**TASK GOAL:**
Pictures do not belong in your copy. Repeat all the other data exactly.

**SUPPLIED DATA:**
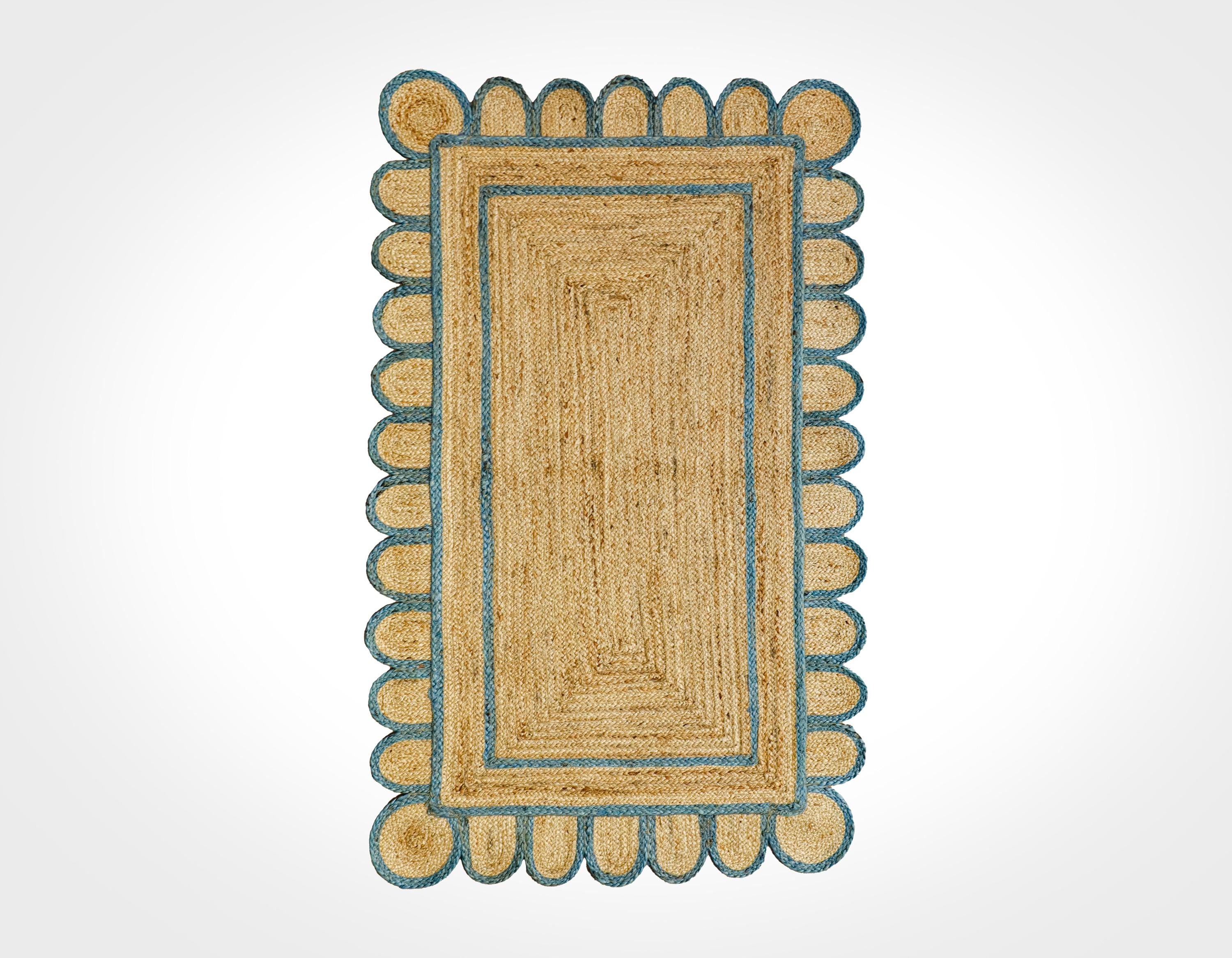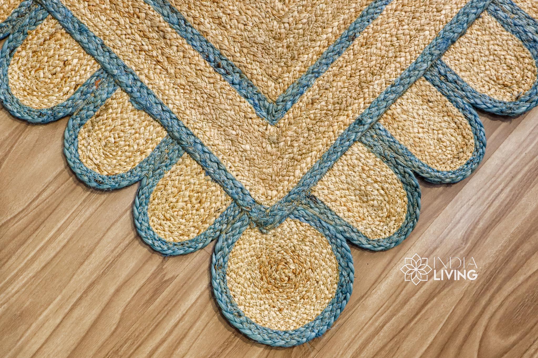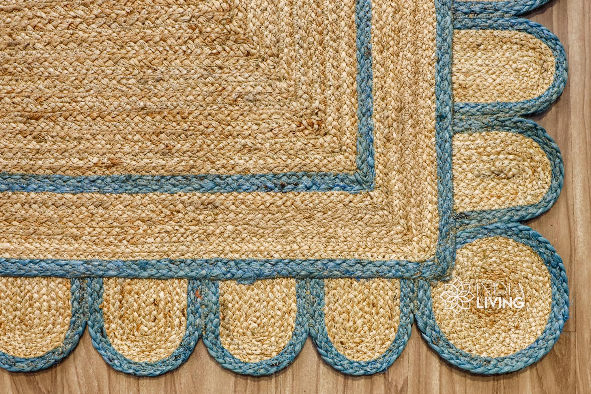 Custom Scalloped Jute Rug, Aqua Blue Border, Eco-Friendly
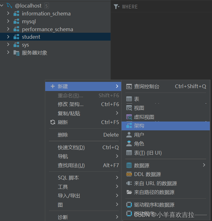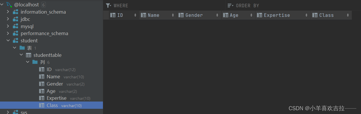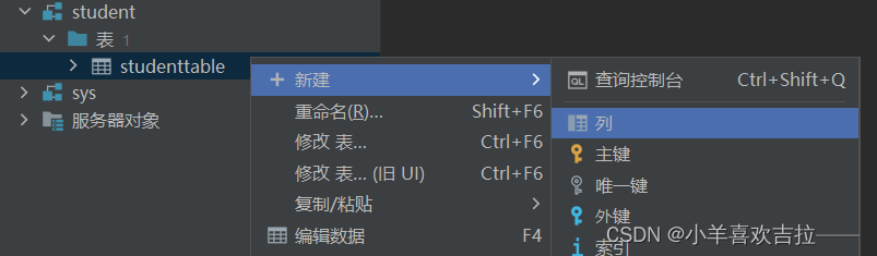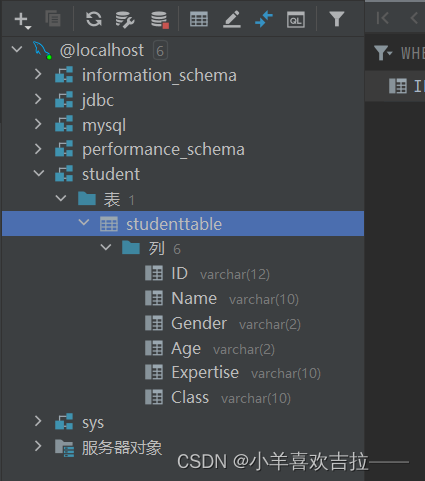 //这里的student是我们在DataGrip创建的一个框架,studenttable是一个表的名称
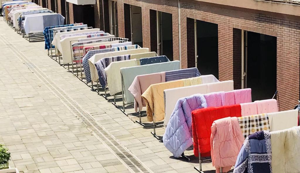 4月28日,艳阳高照,一大早,大家就来到学生宿舍,认真核对每位学生晒被宿舍楼号、寝室号、床位号,贴标签,搬被子,大家分工合作,齐心协力,在大好的阳光沐浴下,一条条五颜六色的被子挂满了整栋宿舍晾衣架,场面十分“热闹”。大家干得热火朝天,汗流浃背,待被子蓬松了再收回叠好,已经是下午五点多了。
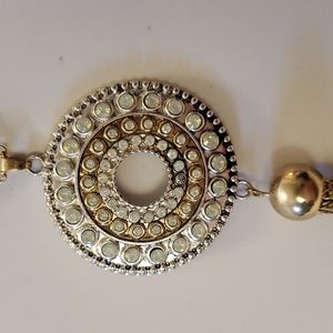 Talbots Double Adjustable Slider Tassle Chain Pendant Necklace Gold White Cream

**TASK OUTPUT:**
 Custom Scalloped Jute Rug, Aqua Blue Border, Eco-Friendly
 //这里的student是我们在DataGrip创建的一个框架,studenttable是一个表的名称
 4月28日,艳阳高照,一大早,大家就来到学生宿舍,认真核对每位学生晒被宿舍楼号、寝室号、床位号,贴标签,搬被子,大家分工合作,齐心协力,在大好的阳光沐浴下,一条条五颜六色的被子挂满了整栋宿舍晾衣架,场面十分“热闹”。大家干得热火朝天,汗流浃背,待被子蓬松了再收回叠好,已经是下午五点多了。
 Talbots Double Adjustable Slider Tassle Chain Pendant Necklace Gold White Cream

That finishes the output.